Dubai aligned three strategic propositions.

Strategic alignment tools – the strategy canvas

Let’s briefly look at how Dubai aligned the three strategy propositions to reconstruct the environment and create a blue ocean using the strategy canvas.

The strategy canvas, an analytical framework of blue ocean strategy, allows us to express an organization’s three strategy propositions in simple, graphic form. The horizontal axis captures the range of factors organizations offer. The vertical axis depicts the offering level. The strategic profile is a graphic depiction of an organization’s relative performance across these key factors.

In this way, an organization can literally ‘see’ how compelling (or not) each of their propositions are and whether they are aligned. The strategy canvas is just one of the many blue ocean tools taught in the Blue Ocean Strategy online course. And check out other compelling examples of strategy canvases to learn how other organizations stood out from the crowd.

For an in-depth discussion on how Dubai achieved blue ocean strategy alignment, check out Chan Kim and Renée Mauborgne’s article, “How Strategy Shapes Structure” Harvard Business Review (September 2009).
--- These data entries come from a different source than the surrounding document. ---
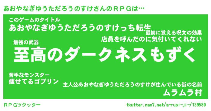 | ヒーロー風カッコイイあだ名 | 『スーパーアオヤナギユウタダロウノスケ』 |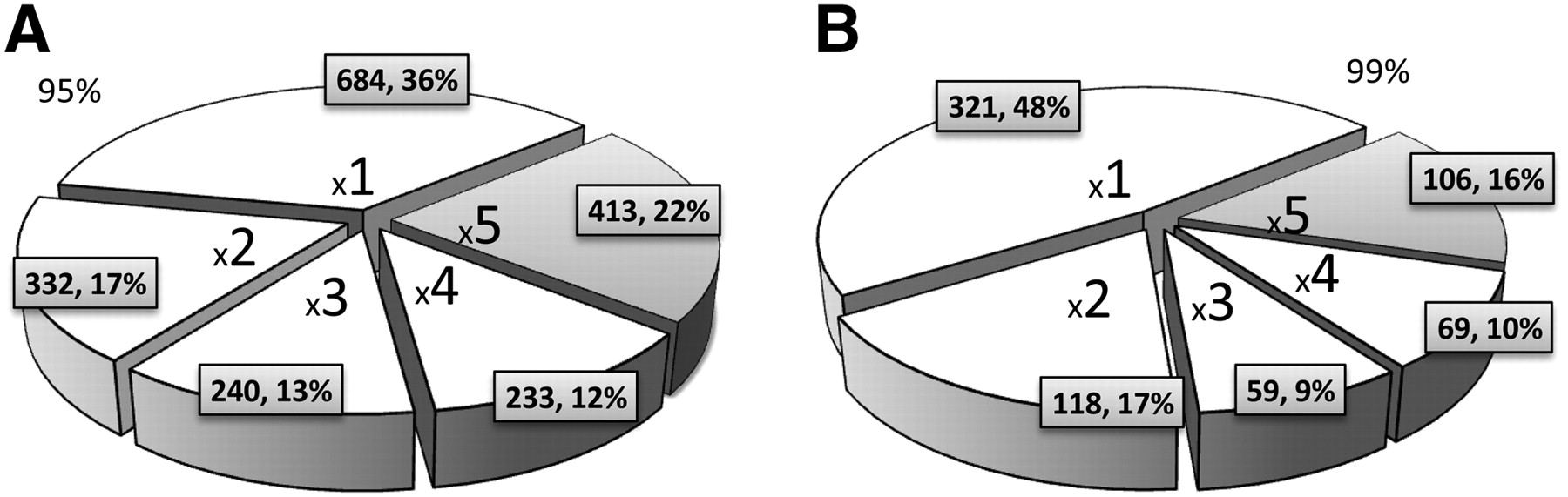 Number of genes that were predicted to have a positively selected site with cutoff posterior probability set at 95% (A) and 99% (B) by exactly 1, 2, 3, 4, or 5 aligners when using PAML models M7 and M8 (out of the genes with at least one such prediction).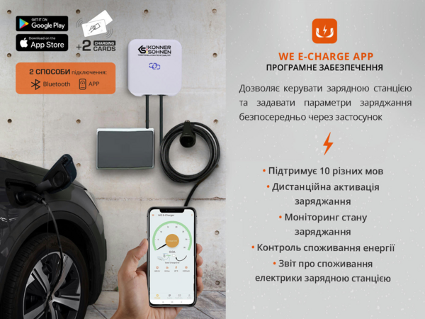 Оснащена зарядным штекером Type 2 (в соответствии с DIN IEC 62196-2), который подходит для большинства моделей электромобилей. Благодаря зарядному кабелю длиной 5 м вы сможете использовать различные варианты для парковки.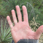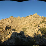I’ve done this climb at least a dozen times since the early 90s – both solo and with friends, including a couple who haven’t been in very good shape. The last time I’d been up there was in April 2016, by myself. I’ve always considered it a dangerous climb – very steep, requiring many short bouldering moves and traverses of loose rock at the angle of repose, including sizable boulders that appear stable but tip or slide when you put weight on them. And plenty of yucca blades or cactus spines to impale yourself on if you make a single mistake.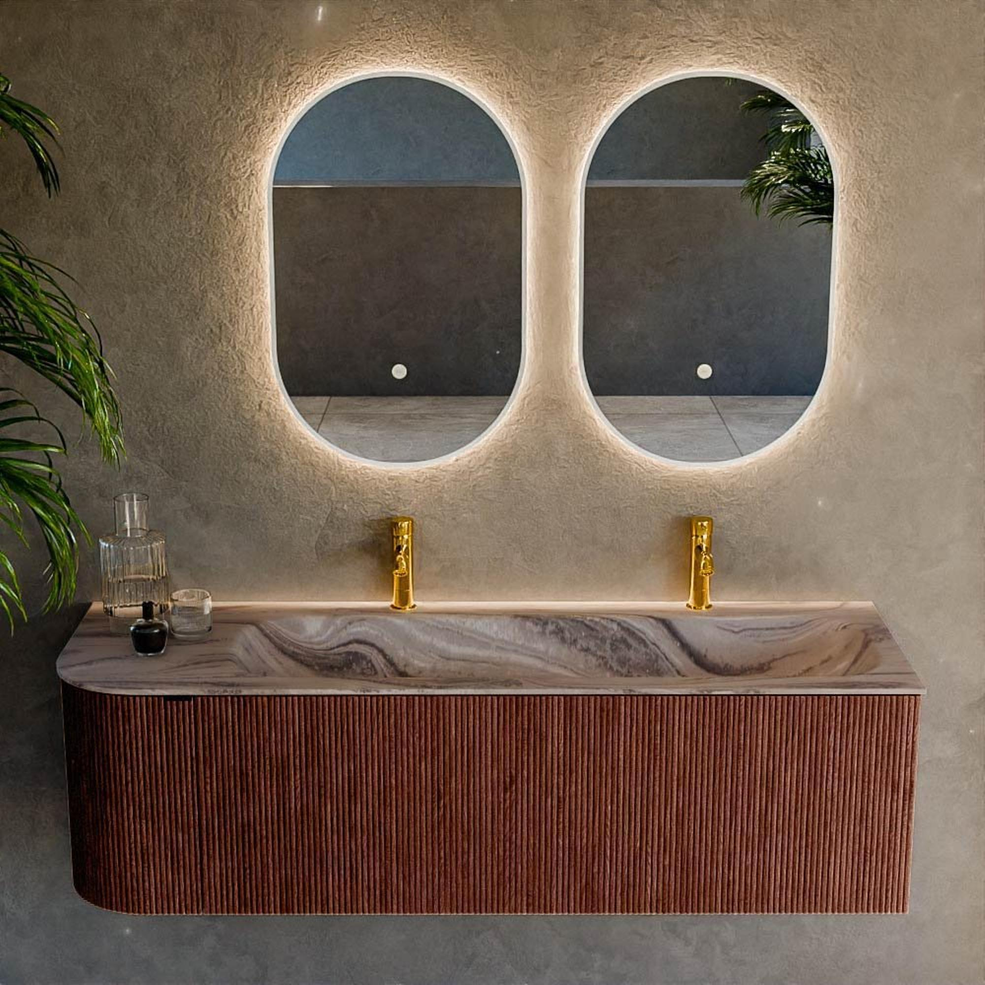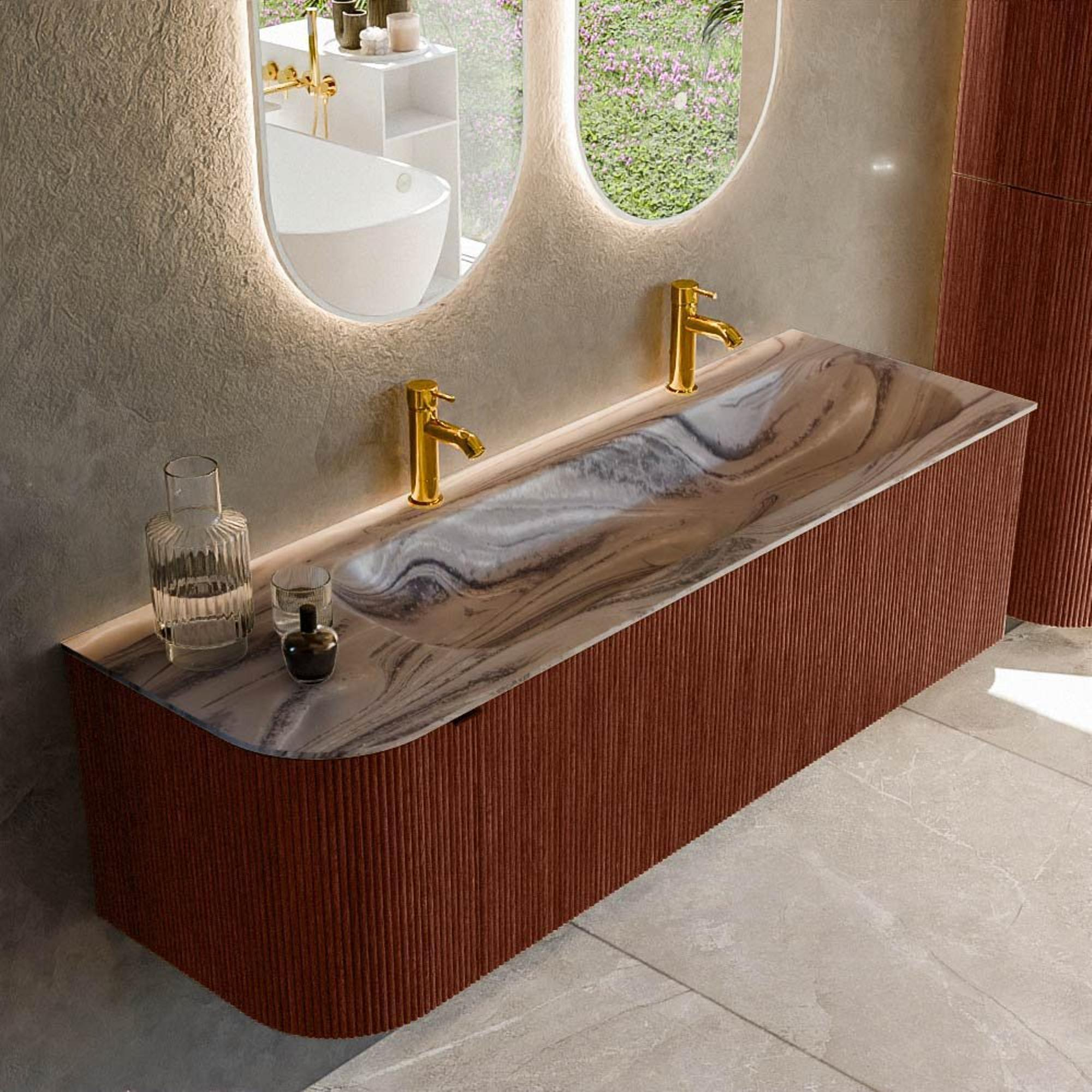 Le côté gauche arrondi donne au meuble une forme douce et organique qui attire immédiatement le regard et est en outre agréable au quotidien. Pas d'angle vif le long duquel vous passez, mais une ligne fluide qui rend le passage dans votre salle de bains plus agréable. La couleur Ruby apporte un accent chaleureux et luxueux qui se marie à merveille avec des carreaux neutres, des détails noirs ou au contraire des tons bois chauds. Comme la vasque est positionnée à droite, le côté arrondi reste visuellement léger et aéré, idéal lorsque le meuble est par exemple placé près de la porte ou le long d'un passage. Vous apportez ainsi un véritable point de mire dans votre intérieur, non seulement beau, mais aussi conçu avec soin pour le confort et la perception de l'espace.
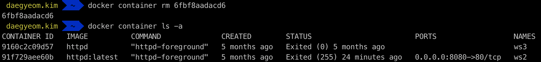 - 종료된 컨테이너 삭제

1. Dubai’s Value Proposition

At the heart of Dubai’s success has been a value proposition to foreign investors that is unlike those of other emerging economies. The value proposition begins with a dozen world-class free trade zones with unbeatable incentives for investors. To stand out further and simultaneously lower investors’ costs, Dubai has also expedited its regulatory process in contrast to Shanghai which at the time imposed a complex and opaque legal system on foreign investors and required incoming companies to be familiar with China’s norms, customs, and politics.

Shanghai was used as a strategic reference to show how Dubai’s value proposition has been compelling to foreign investors despite much smaller domestic market size.
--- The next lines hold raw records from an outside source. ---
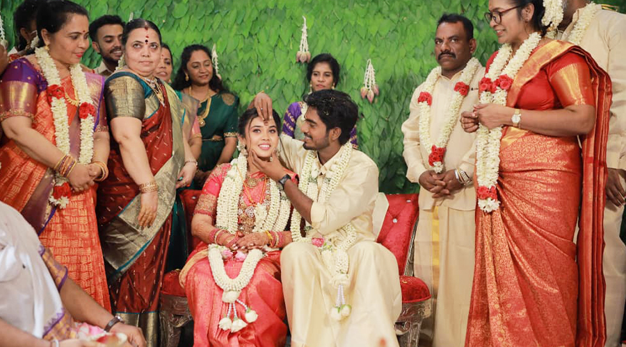 முன்னதாக நேற்று க்ரீன் பார்க் ஸ்டார் ஹோட்டலில், நடைபெற்ற திருமண வரவேற்பு நிகழ்ச்சியில், நடிகர்கள் சசிகுமார், சிவகார்த்திகேயன், எம் எஸ் பாஸ்கர் , ரமேஷ் திலக், நடிகைகள் சிம்ரன்,அனஸ்வரா விஜயன், தயாரிப்பாளர்கள் 2D Entertainment ராஜசேகர் கற்பூர சுந்தரபாண்டியன், சௌந்தர்யா ரஜினிகாந்த், மகேஷ் ராஜ் பசிலியான், அருண் விஷ்வா, ஷினீஷ், இயக்குநர்கள் ‘பூ’ சசி, ரஞ்சித் ஜெயக்கொடி, சண்முகப்பிரியன் (லவ் மேரேஜ்), பிரபு ராம் வியாஸ் (லவ்வர்) , மதன் (அபிஷன் ஜீவிந்த் நாயகனாக நடிக்கும் படம்) இசையமைப்பாளர் ஷான் ரோல்டன், பாடலாசிரியர் மோகன்ராஜ், விநியோகஸ்தர் விர்தூஷ், எடிட்டர் பரத் ராம், திங் மியூசிக் சந்தோஷ், ஜியோ ஹாட்ஸ்டார் சபரி ஆகியோர் கலந்துகொண்டு புதுமண தம்பதிகளை வாழ்த்தினர்.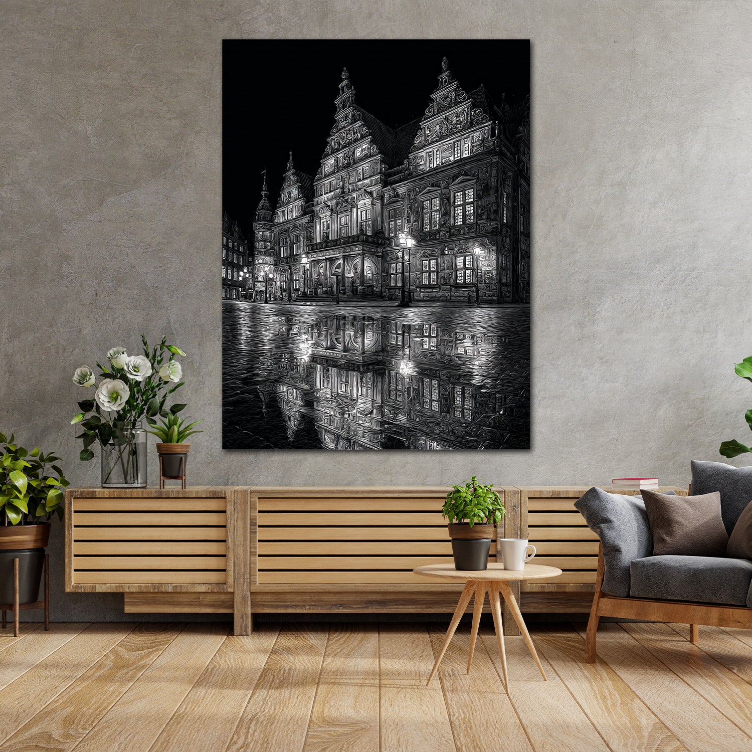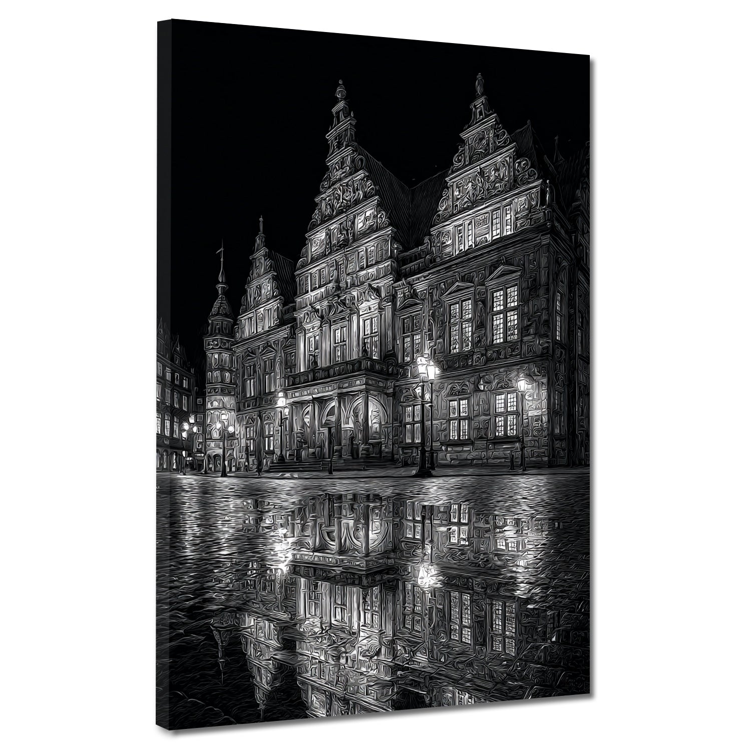 Wahrzeichen Rathaus Bremen Spiegelung schwarz weiß Wandbild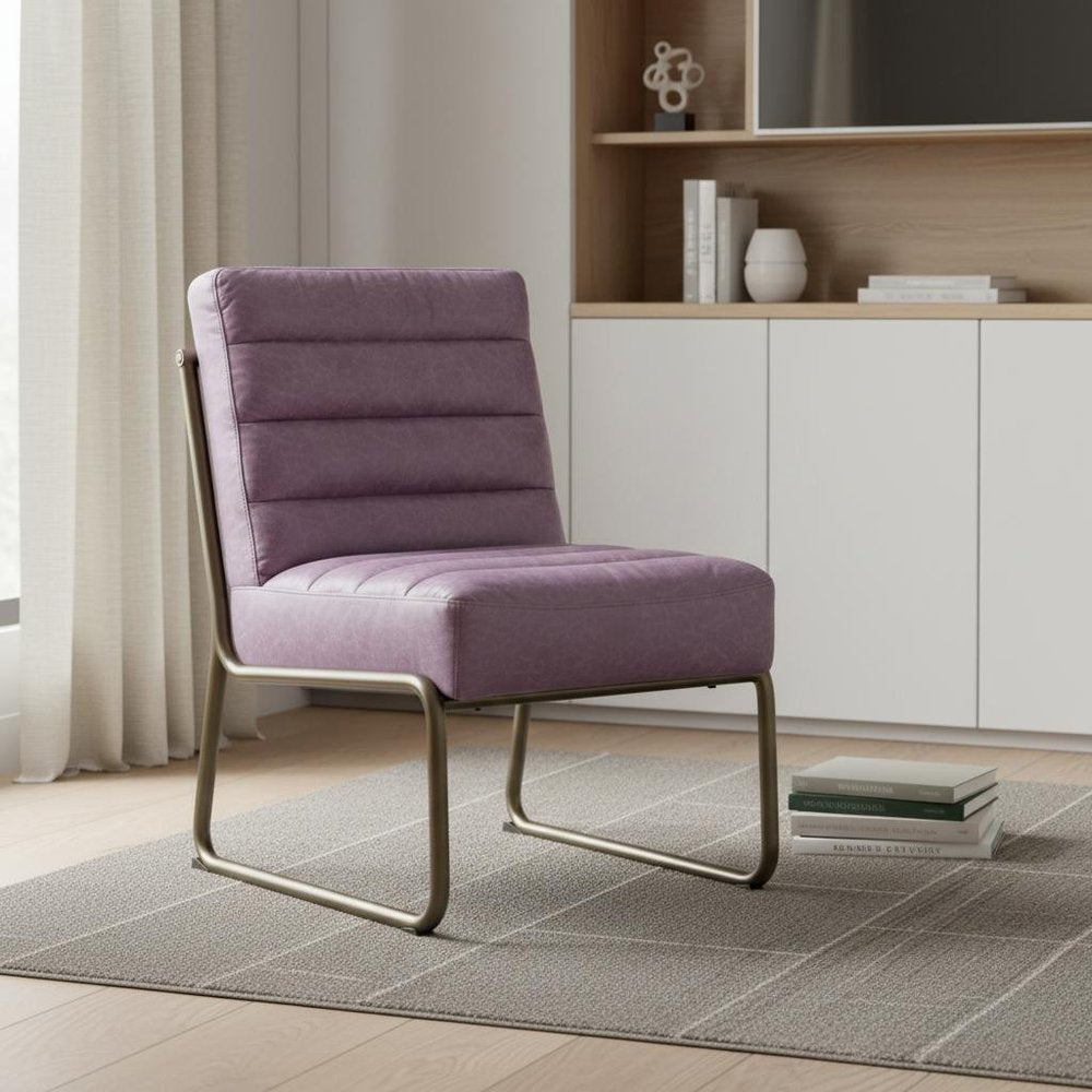 Add an air of fashion to your room and rejuvenate the space with this 22-inch wisteria and steel blue top grain leather ikat side chair. This updated and modern wisteria ikat design side chair is masterfully upholstered in durable top grain leather. The sturdy inner frame is built with high quality solid and manufactured wood, featuring a biscuit back that is accented with soft and comfortable cushioning. 33-inch h x 22-inch w x 30-inch d.

2. Dubai’s Profit Proposition

How does Dubai generates revenue to support the state, given that corporate and personal taxes are negligible? It has done so by finding differentiated ways of generating revenues while also lowering its cost structure. Instead of exploiting conventional income channels such as corporate and personal taxes, which would discourage foreign investors, the government has invested in the infrastructure that supports the investors’ activities – shipping and port services, transport, tourism, etc. These investments have allowed the government to directly profit from its unique, low-cost value proposition.
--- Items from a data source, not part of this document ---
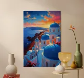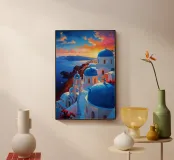 L'ora d'oro getta un incantesimo sulle chiese a cascata dalle cupole blu e sugli edifici imbiancati di Santorini. Il tramonto vibrante trasforma il Mar Egeo in una distesa scintillante di arancione e rosa, mentre i dettagli intricati del villaggio sulla scogliera irradiano calore. I fiori di bouganville incorniciano la scena, aggiungendo spruzzi di magenta. Questo splendido dipinto a olio cattura la miscela unica di bellezza naturale e architettura tradizionale greca, trasportando gli spettatori nel cuore del Mediterraneo.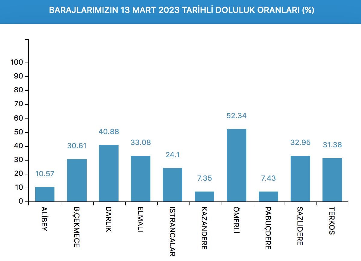 Peki İstanbul'da bulunan barajların doluluk oranı ne? İşte 13 Mart 2023 İstanbul baraj doluluk oranları..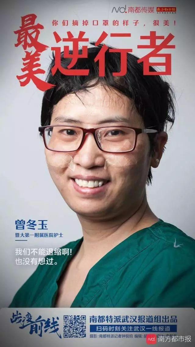 姓名:曾冬玉单位:暨大第一附属医院出生年:1982(沉默)我觉得太真实了,虽然第一眼觉得自己很丑,但细看我觉得自己挺美的。其实可以看出在上班的时候,除了承受工作压力外还有装备的压力。即使是额头被压出痕,脸上针扎一样难受,但是我们依然要坚持下去。因为我们不能退缩啊!也没有想过。每次穿好衣服准备开门进病区的时候我都会给自己鼓劲。但我开门进去以后,我就知道我要抛除一切杂念。脱下衣服的时候,有种如释重负的感觉:嗯,我又战胜了我自己!对父母,我是没有告诉过他们的,从来不敢和他们视频,因为怕他们发现我来了武汉。每次我妈要视频的时候我就说我很忙,有空我回你。其实我就是担心他们知道。前几天我爸不舒服,我急坏了,万一他有什么事我真不知道怎么办。我叮嘱他们出门一定要戴口罩,一定要洗手。只有他们平安我才能专心打仗。孩子爸爸也是医院的,他也比较理解,他会在家看着孩子学习。我们非常想念对方,孩子和我从来没有分开过那么久,每次视频他都哭。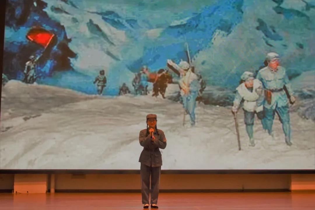 学前1912班唐菱菱给大家带来的《丰碑》,深深打动了观众,本可以活下来的红军军需处长,在冰天雪地里,他把衣物给了其他的战士们,自己冻成了一座永恒的丰碑。

Dubai’s profit proposition has been not just differentiated: economic development and government profitability are bolstered by the simultaneous pursuit of low costs. For example, in Dubai, expatriates always remain expatriates: some 80% of its growing population is now foreign. By restricting citizenship, the government has kept its social liabilities to a minimum.

Oil-based Arab economies were used as a strategic reference, as these economies are most comparable in terms of their geopolitical, social, and government revenue-generating mechanisms.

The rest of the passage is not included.